## TASK DESCRIPTION
In your copy of the listing below, reproduce each word exactly and include no pictures.

## EXERCISE DATA
━━━━━━━━━━

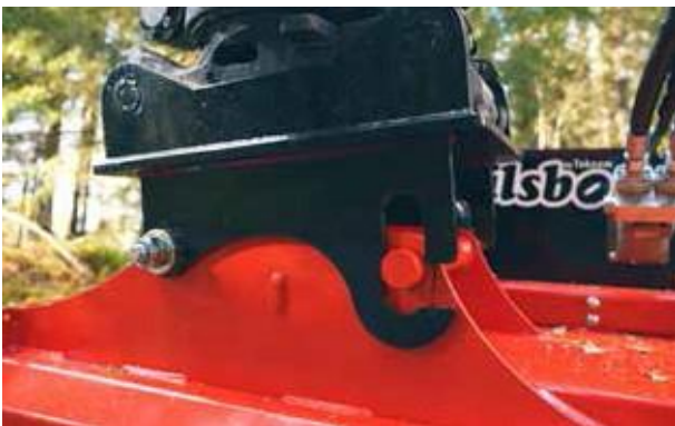
Kelluva kiinnitys mahdollistaa maanpinnan muotojen myötäilyä
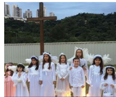
Crianças da comunidade realizaram a coroação da imagem de Maria.
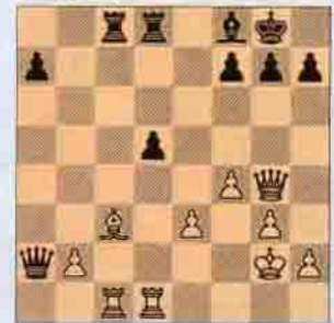
VIII. Beyaz oynar kazanır.

━━━━━━━━━━

## PROBLEM SOLUTION
Kelluva kiinnitys mahdollistaa maanpinnan muotojen myötäilyä
Crianças da comunidade realizaram a coroação da imagem de Maria.
VIII. Beyaz oynar kazanır.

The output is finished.